Survivor recounts chaos, screams, panic in Sudan jet crash
KHARTOUM, Sudan - Abdel-Menem Hassanein remembers the jetliner landing, and then the chaos - the blast, flames at the front of the plane, screams and the sounds of passengers uttering their last prayers.
The 75-year-old soon realized: The flight attendant at the back of the plane where he and his wife sat could not open the exit door.
"Many things were happening at once . . . people rushed toward the only open door at the front," he said. He hurried there, pushed his wife out the open exit, and onto the emergency slide - past the flames - and then followed her.
The couple and more than 170 others escaped the inferno on the Sudan Airways flight Tuesday night that killed at least 30 people.
"If I didn't keep my cool, we both would have been finished," Hassanein yesterday by telephone from his home outside Khartoum.
The jet skidded off the runaway at Khartoum International Airport and rammed into lights used by pilots to navigate when landing in bad weather, sparking a fire on the aircraft's right side, said police spokesman Major General Mohammed Abdel Majid Al-Tayeb.
The blaze raged for hours, eventually splitting the plane in two, before firefighters put it out. A flight attendant was killed, 178 escaped, and six people remain unaccounted for, Sudan Airways said.
An investigation into the accident is underway. The airport has reopened.
Airbus said it was sending in specialists to help with the inquiry.

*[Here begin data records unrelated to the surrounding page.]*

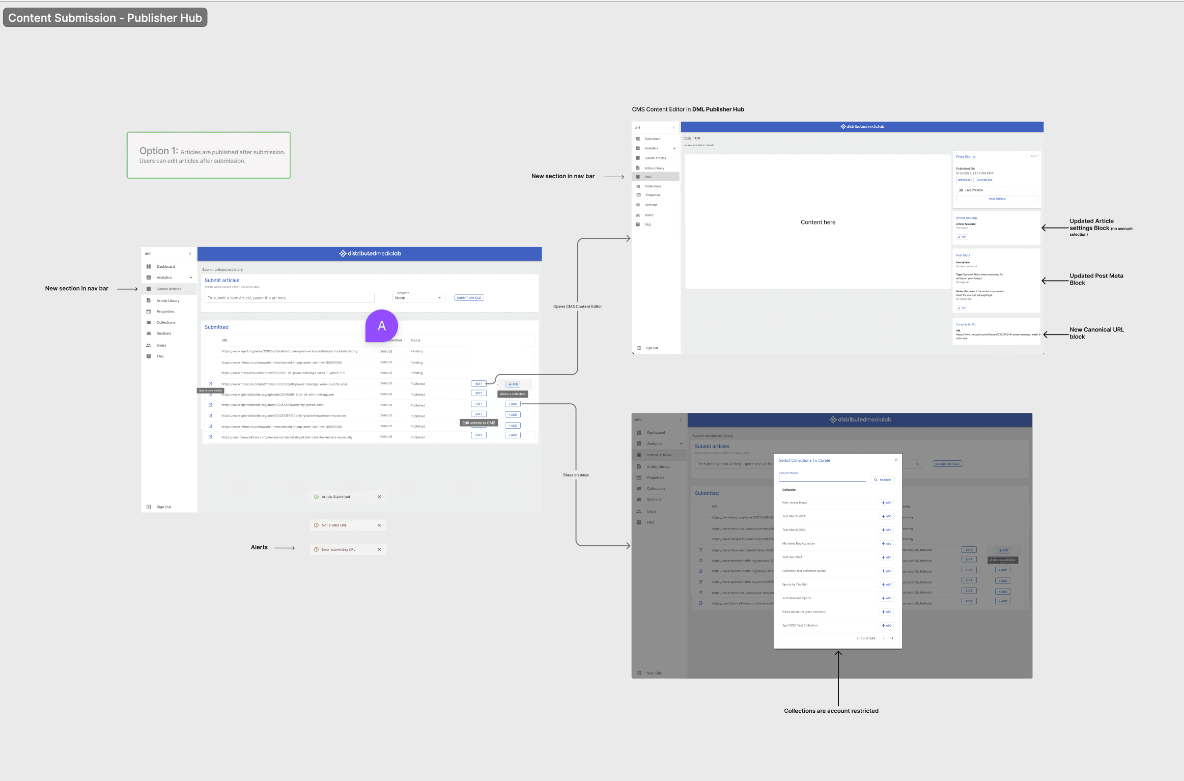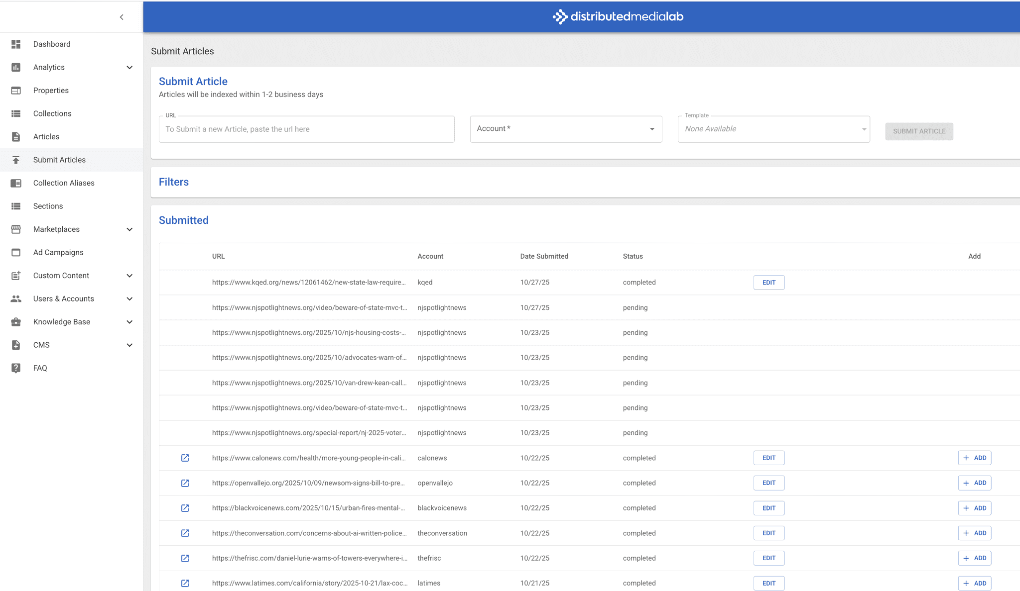 The tool used emails to submit articles rather that submitting directly on DML's internal platform.
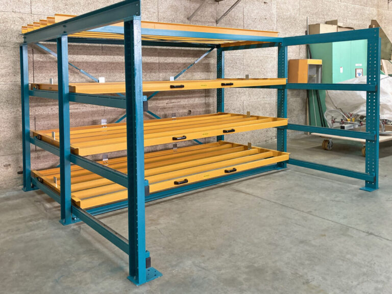 Le rack à tiroirs est un rayonnage industriel équipé de tiroirs coulissants montés sur rails, conçu pour le rangement et le stockage à plat de matériaux lourds, encombrants ou fragiles. Il permet de stocker des charges de grande taille (stockage de panneaux bois ou composites, plaques de plastique, objets fragiles et lourds, gabarits, moules ou outils industriels) de façon structurée, sans empilement.
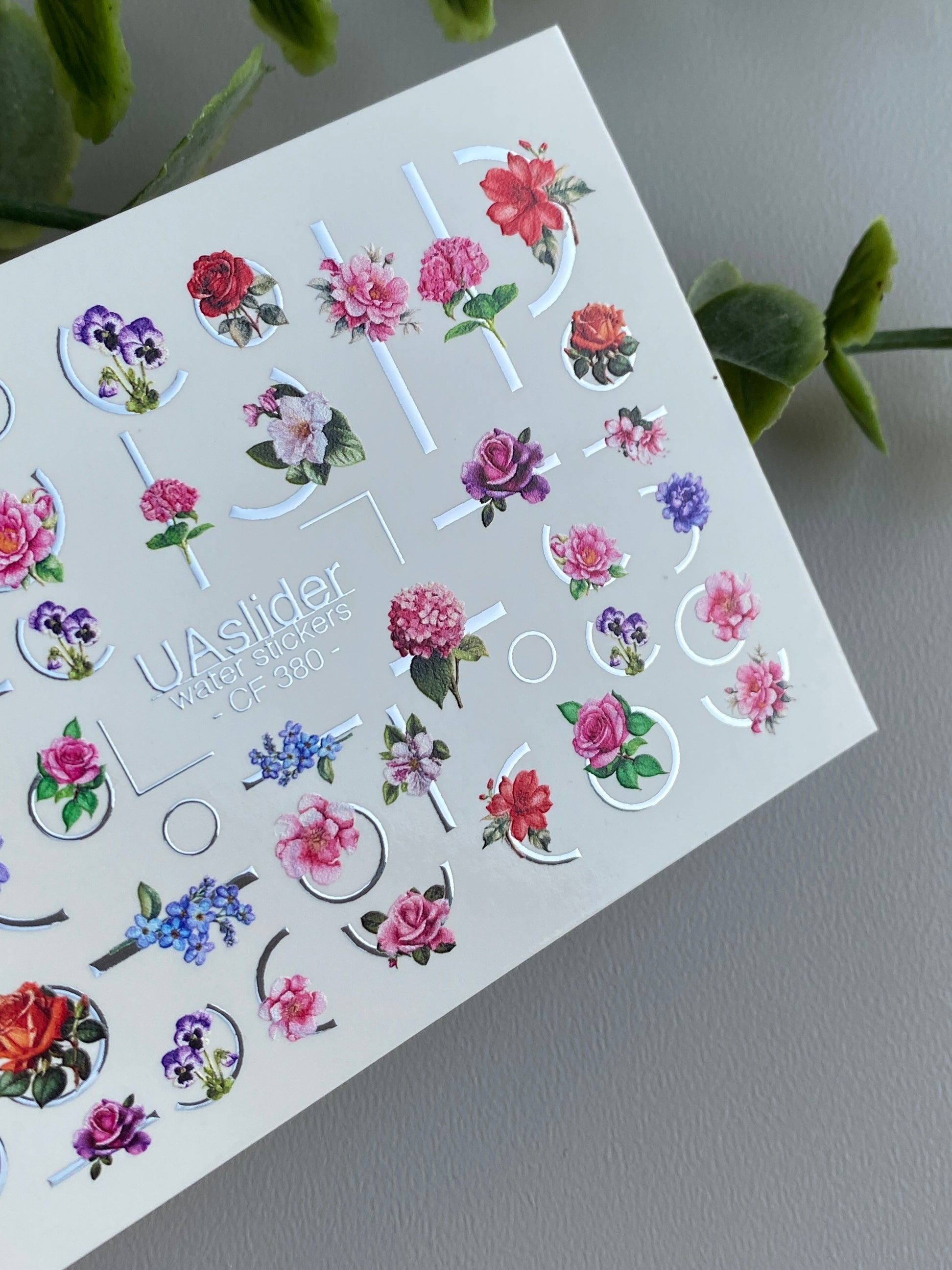 Nail Water Decal CF-380 | Rose Water Slide Nail Decals | Floral Designs with Geometric Accents
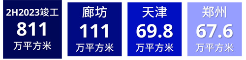 2023年下半年竣工面積最大的城市為廊坊,達111萬平方米,天津和鄭州均有將近70萬平方米的新增供應入市。此外,蘇州、太倉、濟南和東莞也都在這半年內,迎來了超過50萬平方米的新增供應。
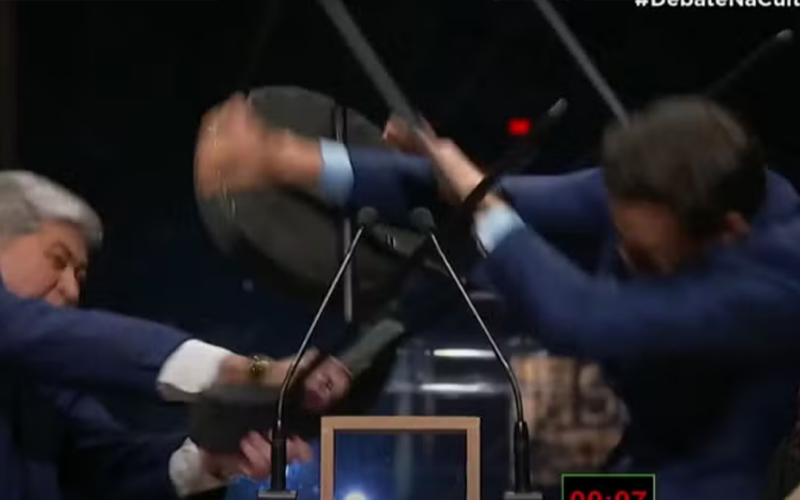 VÍDEO: Datena agride Pablo Marçal com cadeirada durante debate em São Paulo
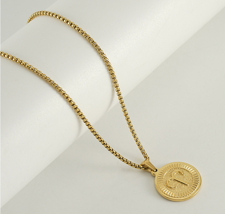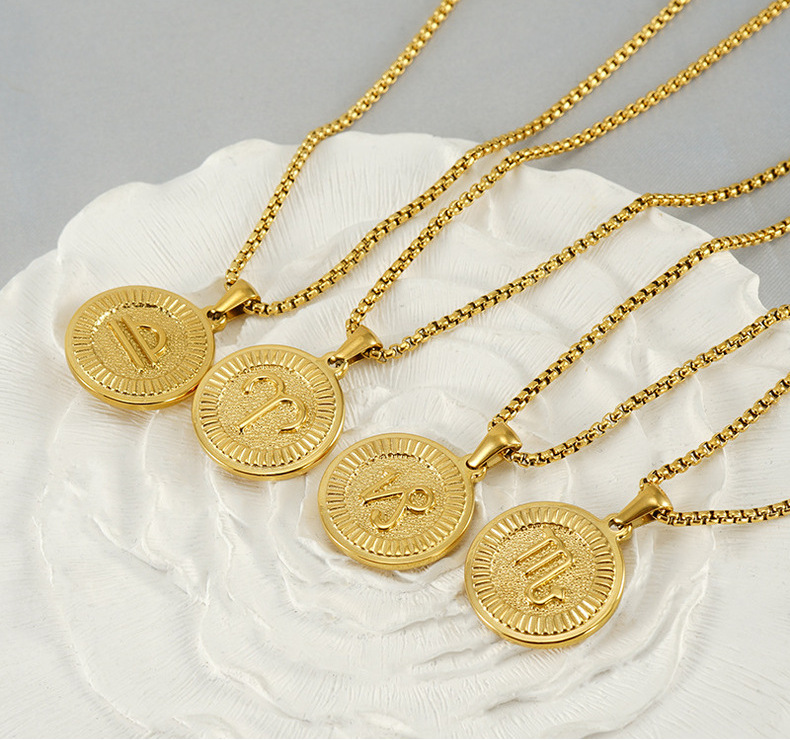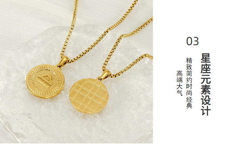 Collar transfronterizo de doce constelaciones de acero de titanio europeo y americano femenino 18K redondo tendencia de moda colgante de constelaciones de acero inoxidable clavícula

It said the plane in the accident was 18 years old and had been operated by Sudan Airways since September. Because the plane was made by France-based Airbus, French officials are investigating.
The Airbus A310 is a twin-engine, widebody plane used by a number of carriers around the world. Typically configured with about 220 seats, it is a shorter version of the popular A300.

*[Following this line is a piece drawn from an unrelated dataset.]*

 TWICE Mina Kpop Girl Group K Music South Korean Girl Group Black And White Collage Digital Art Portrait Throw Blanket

Sudan has a poor aviation safety record and has many small airlines that service Africa's largest country. Three years ago, the government said it planned to build a new airport outside of the city center by 2010. It remains in the planning phase.

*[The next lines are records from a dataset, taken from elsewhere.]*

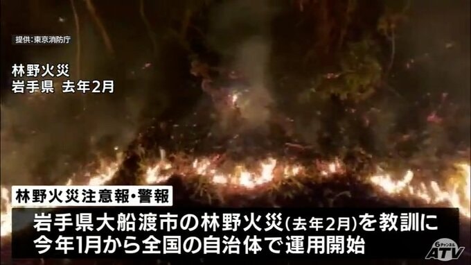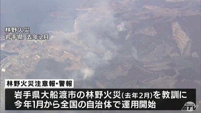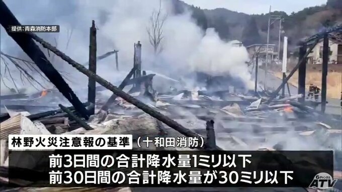 「林野火災注意報」青森県内では初めて発表 十和田市と六戸町に 十和田消防本部が火の取り扱いへの注意呼びかける 青森テレビ 2026年3月11日(水) 14:10 国内 【画像】2025年2月に発生の岩手県大船渡市での林野火災 ※リンクからご覧いただけます
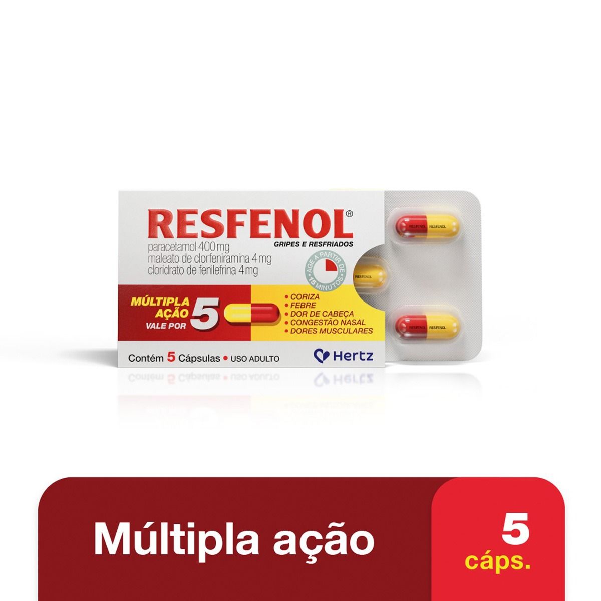 Resfenol Paracetamol 400mg + Cloridrato Fenillefrina 4mg + Maleato de Clorfeniramina 4mg 5 Cápsulas
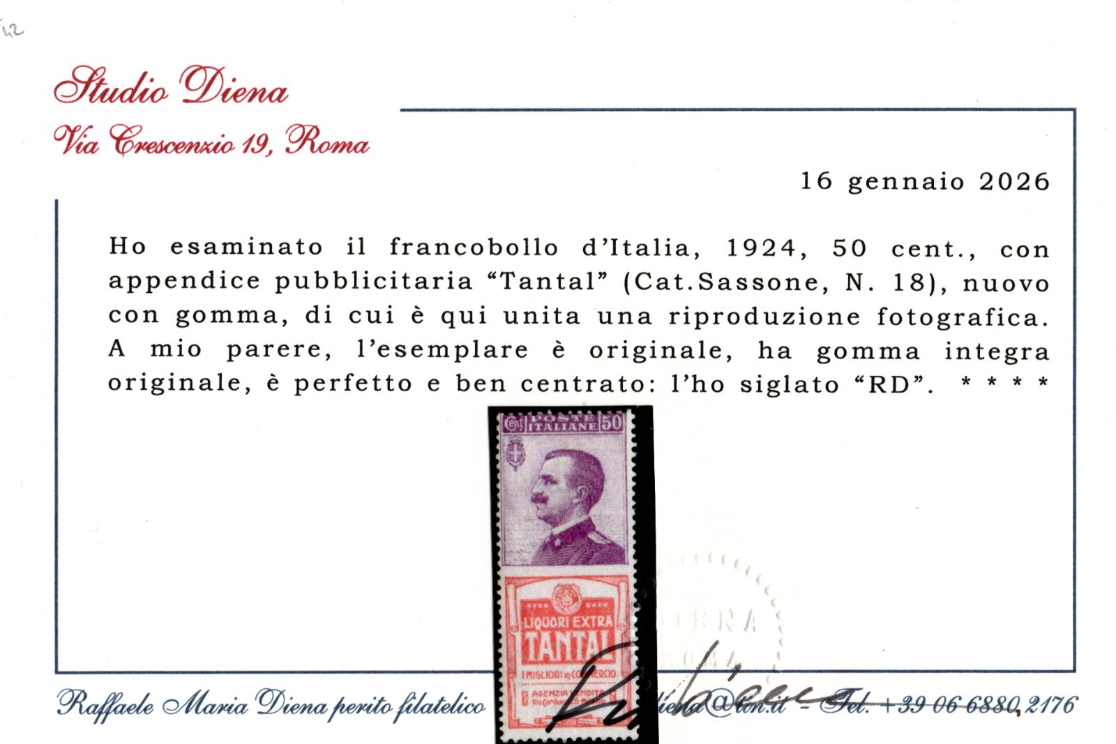 REGNO D'ITALIA PUBBLICITARIO TANTAL 1924 MNH CERT DIENA quantità
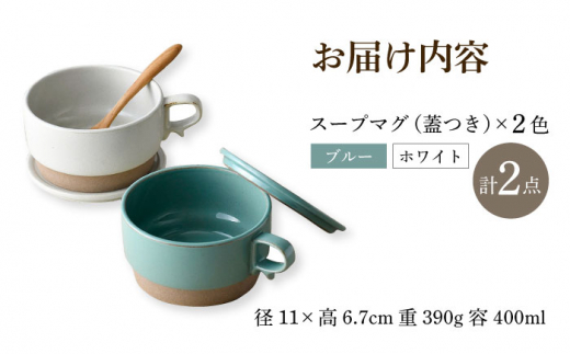 - 【波佐見焼】【オーブン可】スタッキング 蓋つき スープマグ 2点セット ブルー・ホワイト マグカップ スープカップ 小皿 食器 皿 【舘山堂】 [RC45] スープマグ スープカップ マグカップ

In May, a plane crash in a remote area of southern Sudan killed 24 people, including key members of the southern Sudanese government. In 2003, a Sudan Airways traveling from Port Sudan to Khartoum crashed soon after takeoff, killing all 115 people aboard.
Tuesday's flight touched down as thunderstorms pounded the city, but reports differed on the weather's role in the accident.
The head of Sudanese police, Mohammad Najib, said bad weather "caused the plane to crash land, split into two and catch fire."
But Youssef Ibrahim, the Khartoum airport director, blamed the accident on technical problems, saying one of the engines blew up.
Because of the bad weather in Khartoum, the aircraft stopped at Port Sudan Airport along the Red Sea, refueling before heading to Khartoum. The flight originated in Amman, Jordan, and stopped in Damascus, Syria.
Hassanein, who was returning from Damascus after a family vacation, said bad weather delayed the flight by three hours.
When the jet landed, "everything was OK. Then all of a sudden, there was a loud sound, maybe an explosion, as if it hit something," he said. The plane came to a halt and veered to the right before he saw a fire on the right side of the plane. "It was panic. People were screaming, shouting God is great and uttering their last prayers," he said.